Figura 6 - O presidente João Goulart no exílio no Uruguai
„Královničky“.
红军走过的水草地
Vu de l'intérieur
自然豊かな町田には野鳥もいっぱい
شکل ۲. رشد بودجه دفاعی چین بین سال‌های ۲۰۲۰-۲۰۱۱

════════

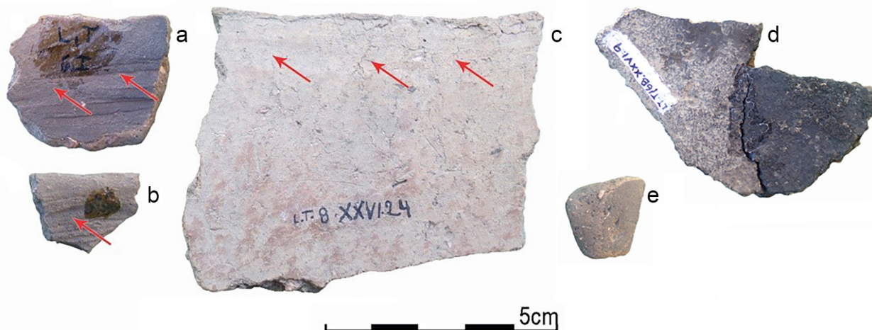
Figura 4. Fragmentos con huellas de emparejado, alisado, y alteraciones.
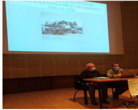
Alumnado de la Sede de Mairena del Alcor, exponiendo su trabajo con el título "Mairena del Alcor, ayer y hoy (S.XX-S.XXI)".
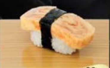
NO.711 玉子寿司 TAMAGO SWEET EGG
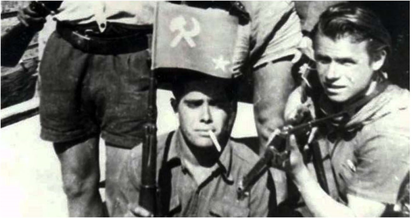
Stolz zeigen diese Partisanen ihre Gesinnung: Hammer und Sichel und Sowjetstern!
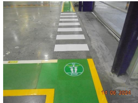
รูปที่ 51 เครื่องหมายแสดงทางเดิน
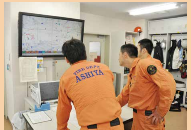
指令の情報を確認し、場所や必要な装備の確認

════════

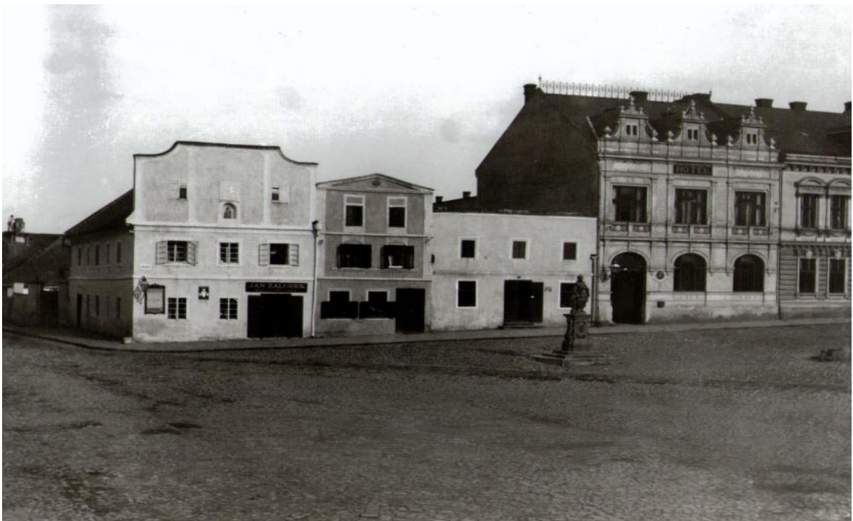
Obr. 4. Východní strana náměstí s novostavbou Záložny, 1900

════════

Task: Return every line of the data above in which "Figura" appears.

Your solution:
Figura 6 - O presidente João Goulart no exílio no Uruguai
Figura 4. Fragmentos con huellas de emparejado, alisado, y alteraciones.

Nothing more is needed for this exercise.